I had spent months as the engine of a piece of machinery, a water pump. How bad was it? The height of toilet protocol for pump slaves was to piss to the side so you didn’t splash your fellow pumpmates. Your excrement you stepped over or walked in. That bad.
It’s one thing to know slavery is an abomination and quite another to experience being sold naked at auction - at a discount, no less, because some Tuareg bastard had lopped off my right hand! The bastard who did it didn’t know it would grow back and couldn’t care less.
It wasn’t the best time I’ve had in this century and for the first time in years, I felt homesick.
Home was my headquarters and palace at Okoitz, where my two formal wives lived .
Home used to be in 20th century Poland, but I once brilliantly managed to fall asleep, drunk, in a time machine. I woke up in the 13th century. It had been an interesting twenty years since then.

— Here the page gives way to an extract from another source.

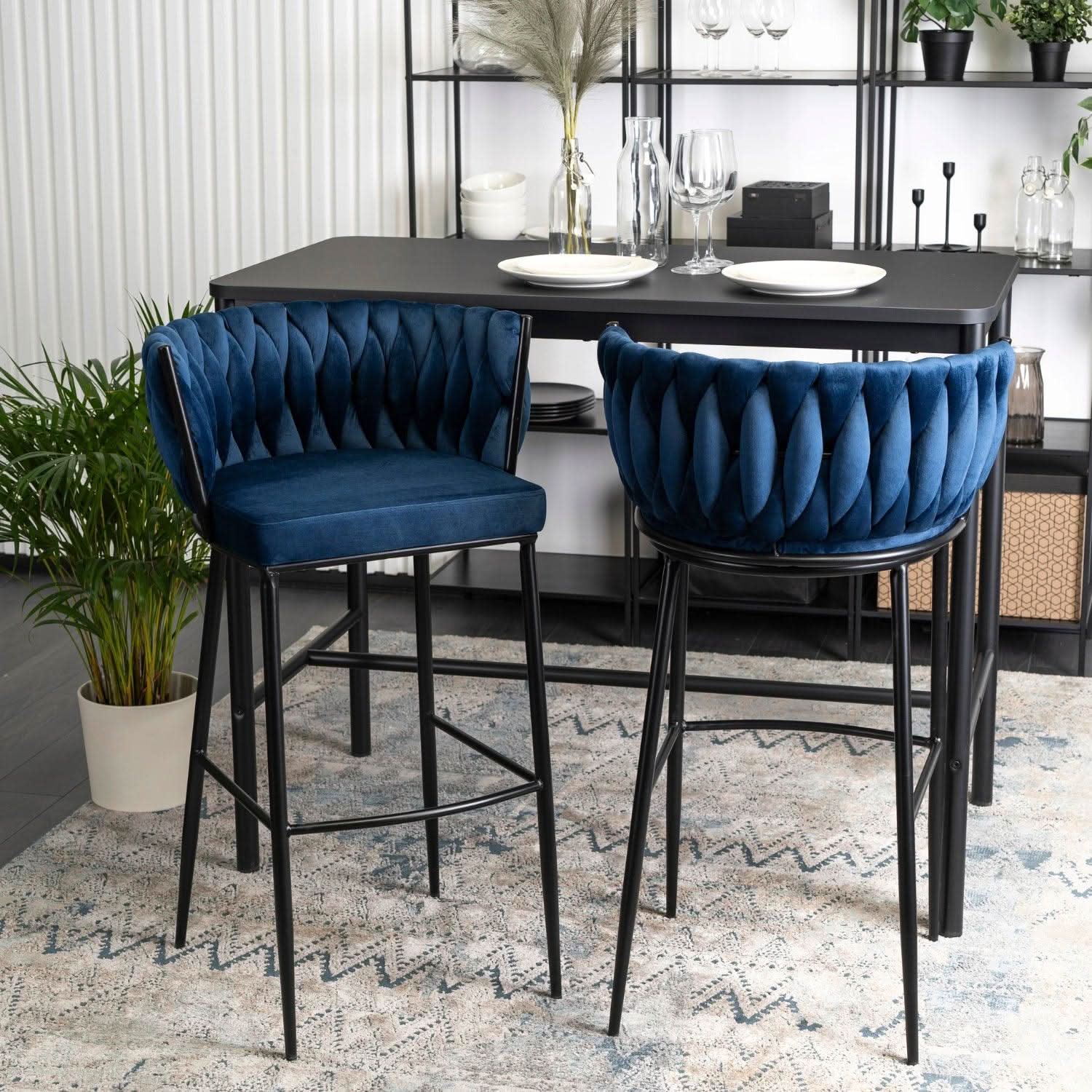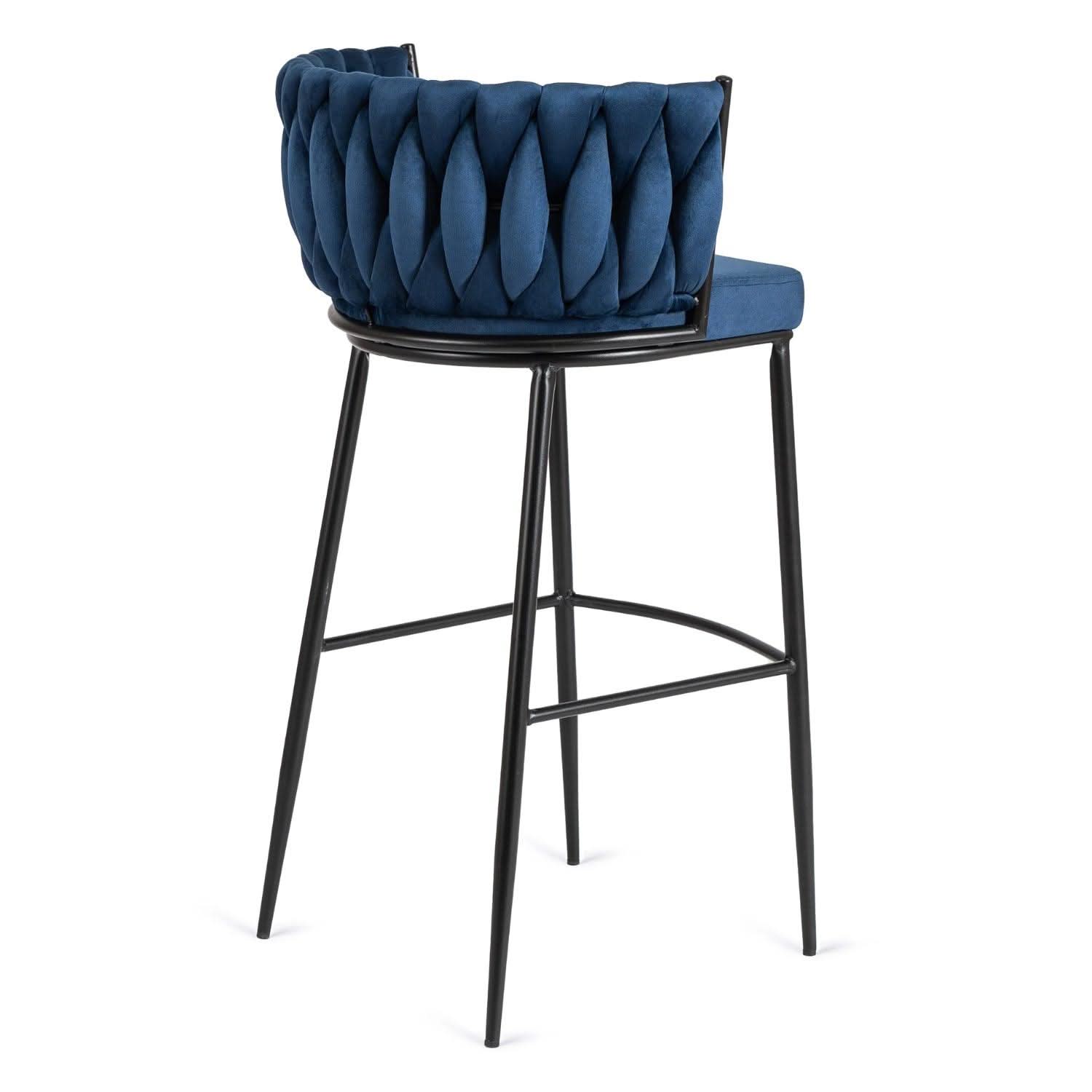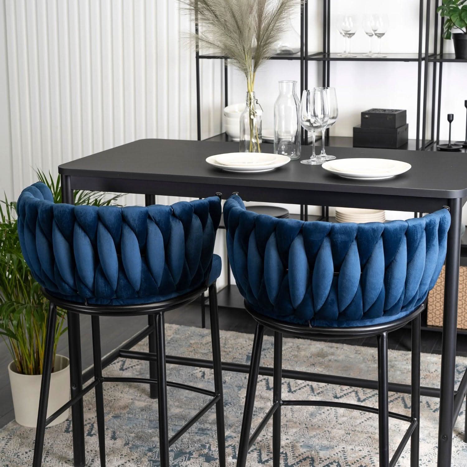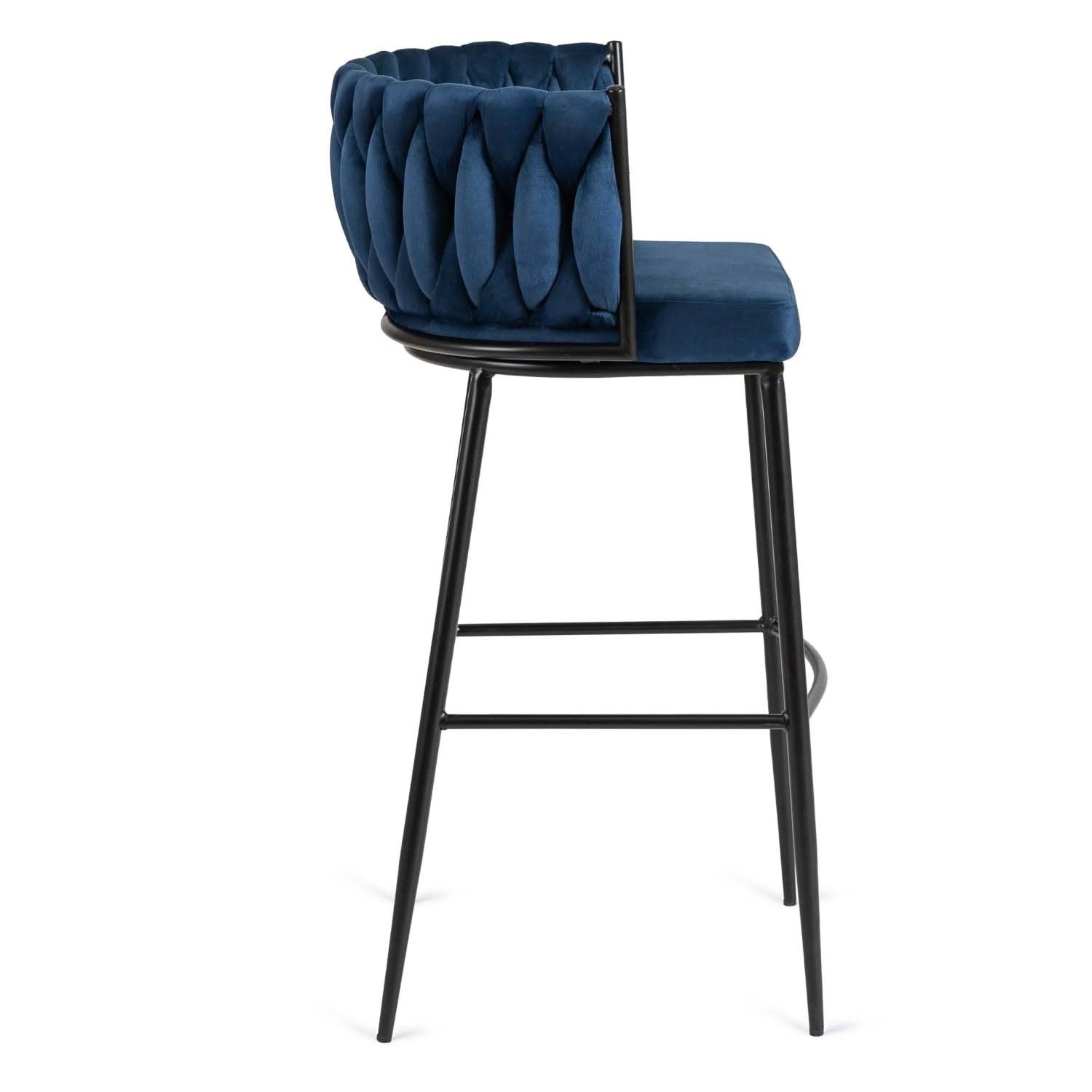 FLORES baro kėdė su austu atlošu – mėlynos spalvos aksomas

Now I was leading a Crusade. Not my idea. When Pope John Paul, formerly known as my friend Father Ignacy, ordered me to go on Crusade I had skipped town to avoid attacking innocent Muslims. That’s how the damned slavers got me.
Fortunately, on my way home I met up with a crusading Christian Army. They were headed for the holy land and, since they were headed in my direction, I decided I might as well lead the Crusade as follow.

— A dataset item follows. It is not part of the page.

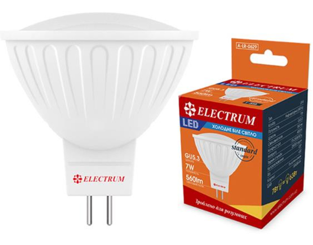 | Світлодіодна лампа ELECTRUM MR-16 7W GU5.3 4000K A-LR-0629 має матову колбу рефлекторного типу і випускається з цоколем GU5.3. Серед усіх різновидів побутових лампочок LED – одні з найбільш енергоефективних. З потужністю всього 7 Вт дані ЛЕД лампи споживають у 8 разів менше електрики, ніж подібні до них за світловими характеристиками 60-ватні лампи розжарювання.

Before I even joined them, This Christian Army had conquered southern Spain and most of Northern Africa without much trouble. Since then, we had since taken the Holy Land, and were now working our way north on the Mediterranean coast on our way to the Christian city of Constantinople. Mostly, we were just stringing the old Crusader States back together again. By accident, we were also protecting the Roman Empire and giving them an opportunity to reclaim a lot of lost land.
For now, I had time to relax and get back to being an engineer. For the first time since I broke out of Timbuktu I didn’t have to fight anyone tomorrow and I was thoroughly happy sitting at a desk with papers scattered in front of me.
We were waiting for supplies and more manpower from Poland. We could probably finish off the Muslim states without it, since we had airplanes and machine guns and rifled cannon up against their swords, pikes and occasional muzzle-loading cannon, but there was no point in rushing to get men killed. War was exciting, but I preferred building to destroying and we were going to need a lot of building if we were going to hold the Middle East.
I was also secretly hoping that, given a little time to see how prosperous the former Muslim states got from being part of Europe, the Muslims might not fight so hard or at least would have armies full of men who saw an advantage in having railroads and light bulbs and access to European markets.
So, part of our war was building railroads. To take the region, we’d need to travel through some very difficult terrain. We’d have to build railroads as we went to move our troops and supplies. We were already laying tracks along the north coast of Africa, from Marrakech through Cairo to Jerusalem. From there, plans were to go north and west to Constantinople, and perhaps give those people a hand against their enemies.
To keep the territory we’d taken, we had to show the Arabs that they could prosper under our rule, and nothing contributes more to that than good transportation, although the lack of tariffs and low taxation helps, too. Shipping costs on one of our railroads were a tenth of what they were on a camel caravan .
To keep the prosperity rolling, I had just approved plans for the building of two Liner-class harbors, with housing, storage, and repair facilities, on the north and south sides of the Suez peninsula. A double railroad track would stretch between them, one going north and one south. They would transport troops, supplies, and eventually our trade goods. Our ships would still have to travel around the Cape of Good Hope, but they would only have to do it once!
After that, the crews would be rotated, but the ships themselves would stay in the Indian Ocean for the rest of their working lives, probably.